Un moment plus tard, Mathieu, déshabillé et pansé après qu'Olivier eut lavé sa blessure avec du vin et de l'huile, était porté à l'étage où il y avait deux chambres et mis au lit veillé par son fils et sa femme. Seuls lui et Rémi logeraient dans la maison. Olivier et Hervé allèrent camper sur une paillasse dans le fruitier au fond du verger où il faisait froid, mais qui sentait bon les pommes et les poires de la dernière récolte que l'on y conservait.
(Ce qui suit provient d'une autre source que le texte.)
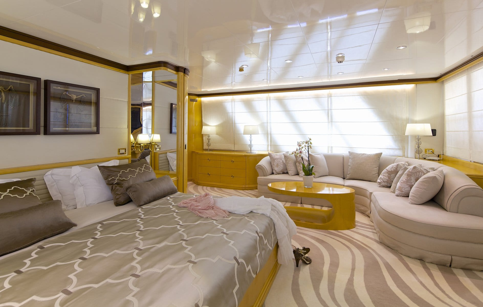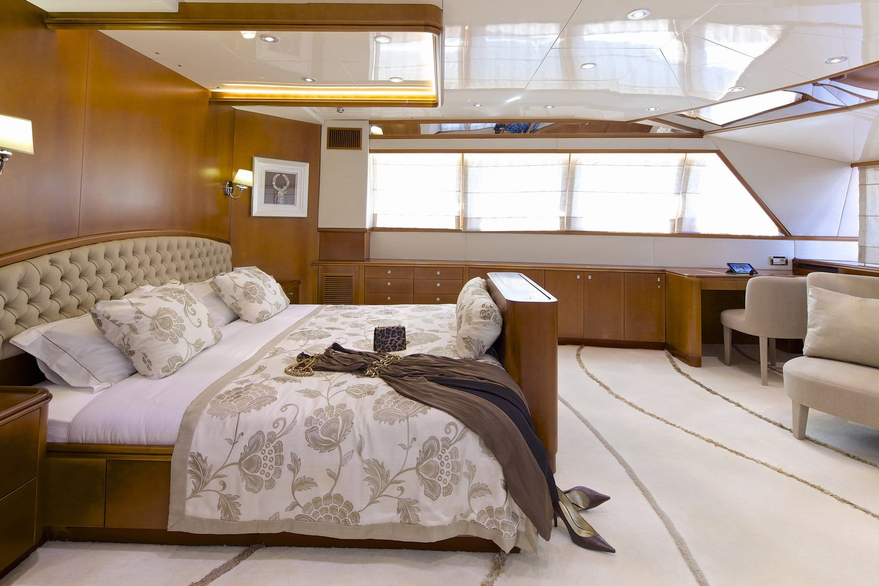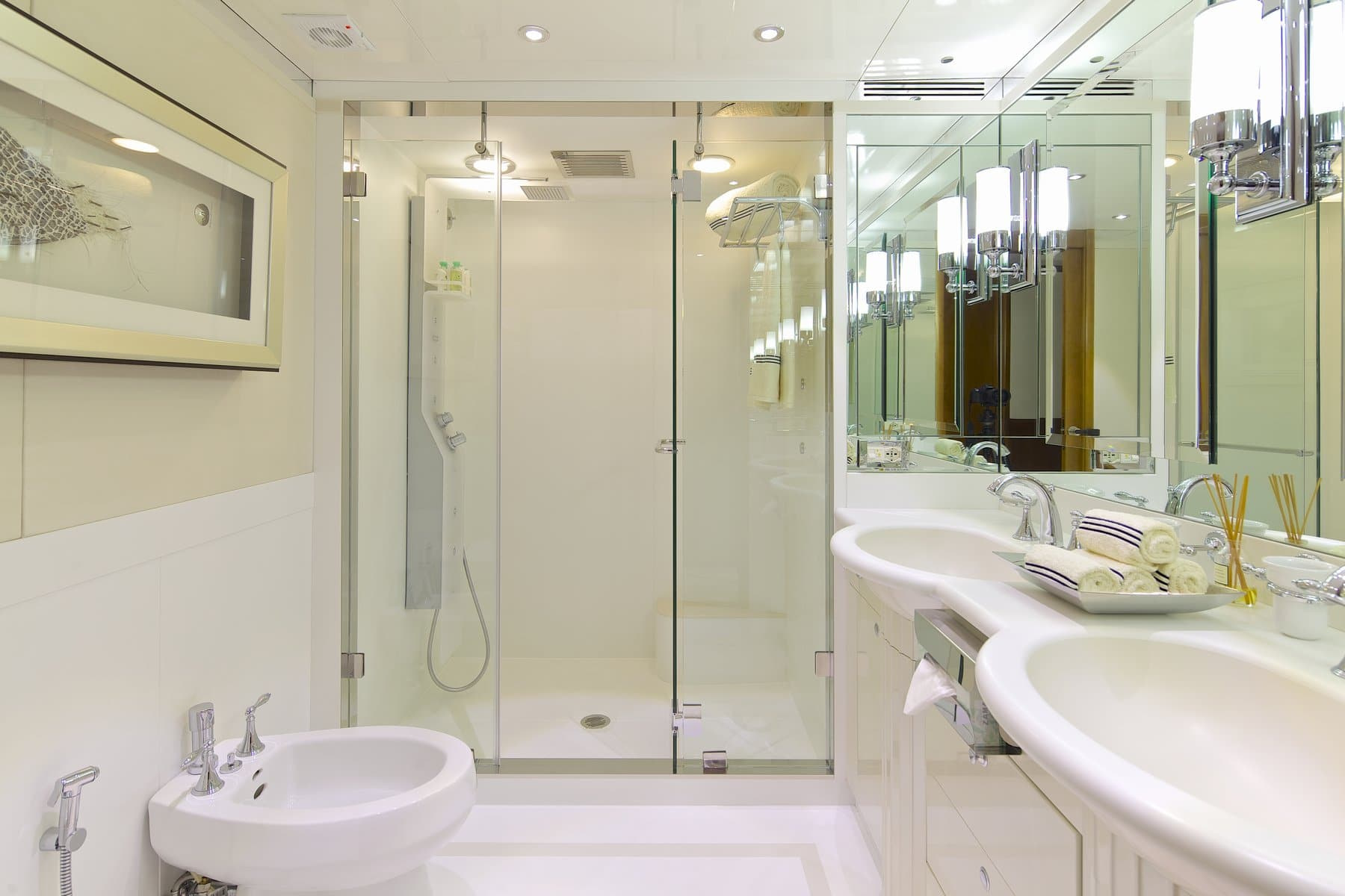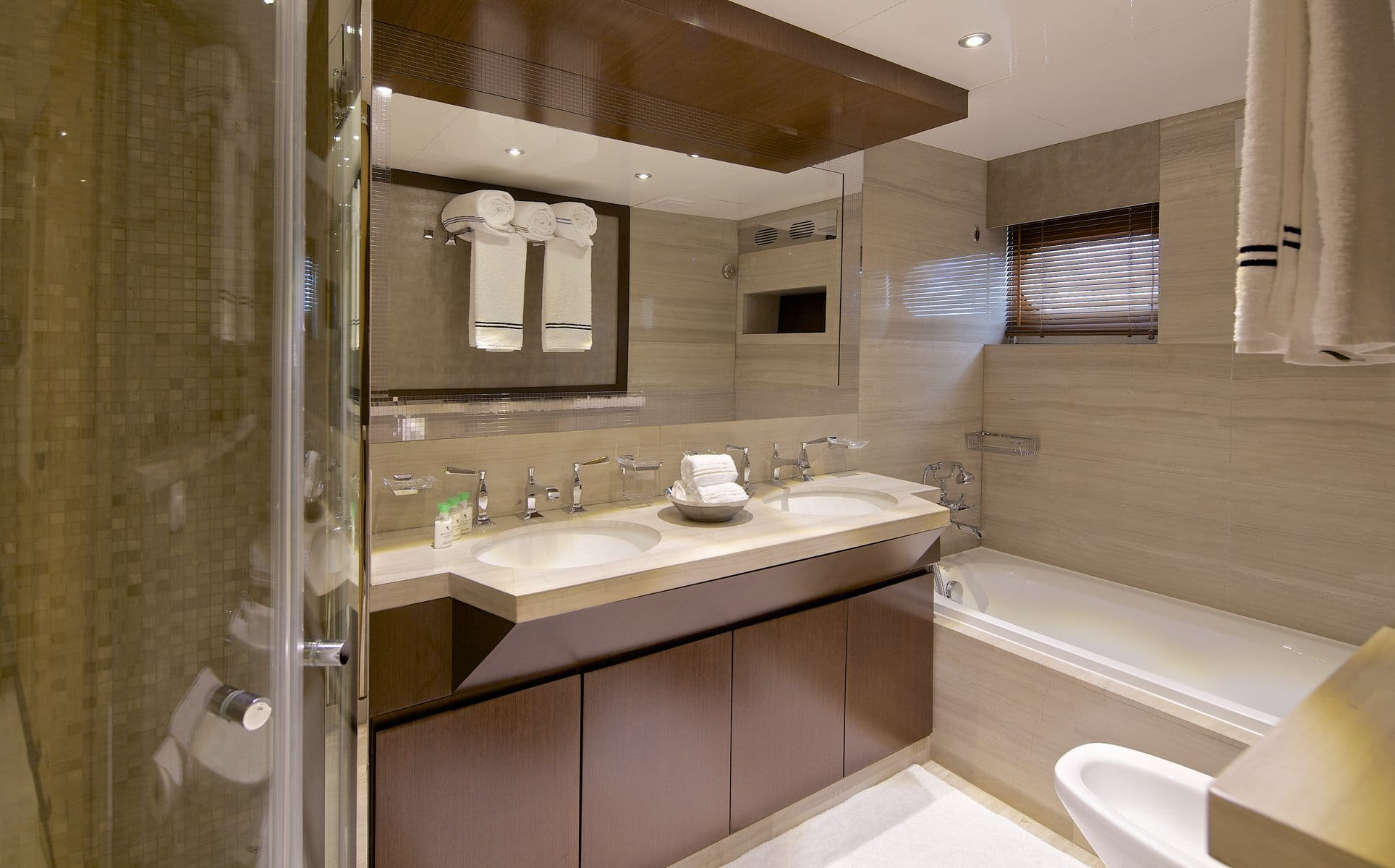 O’Leanna boasts 6 cabins, comfortably sleeping 12 guests. She offers the advantage of 2 large master cabins, one on her main deck and one on her upper deck. Her VIP cabin boasts a large, tranquil en-suite in addition to a walk-in closet. She also has a double cabin and 2 twin cabins. Thanks to her 2015 refit and continued attentive maintenance, her cabins and living space is all immaculate and modern, and boasts the added bonus of Fendi furnishings.
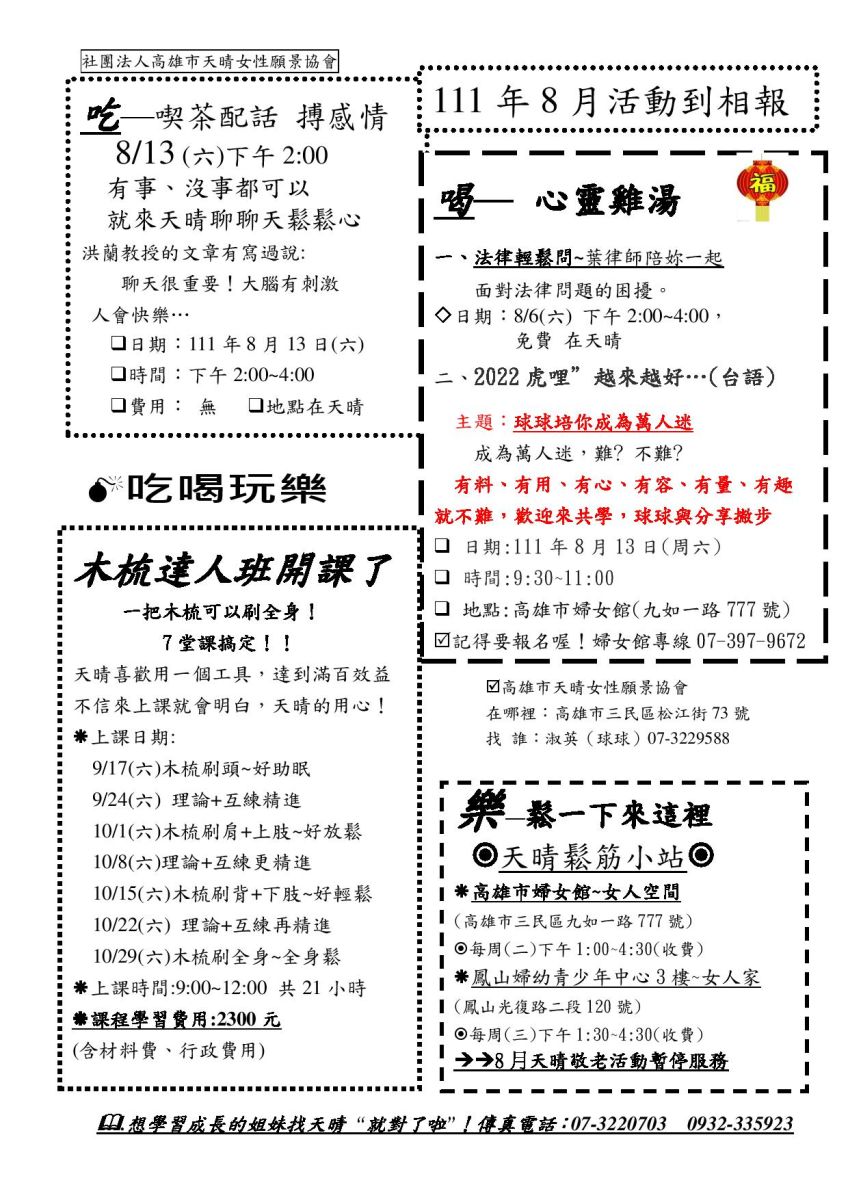 天晴8月活動~吃茶配話一起來

Ainsi respectaient-ils encore la loi du Temple qui leur interdisait de dormir sous le même toit que des femmes. Cauvin d’ailleurs les suivit et avant de s'endormir pria avec eux pour l’âme des martyrs et aussi de leurs compagnons dont les vies venaient d'être sacrifiées en vain...

- Demain, dit Olivier avant de fermer les yeux, je retournerai à Paris. Il faut savoir ce qui s'y passe...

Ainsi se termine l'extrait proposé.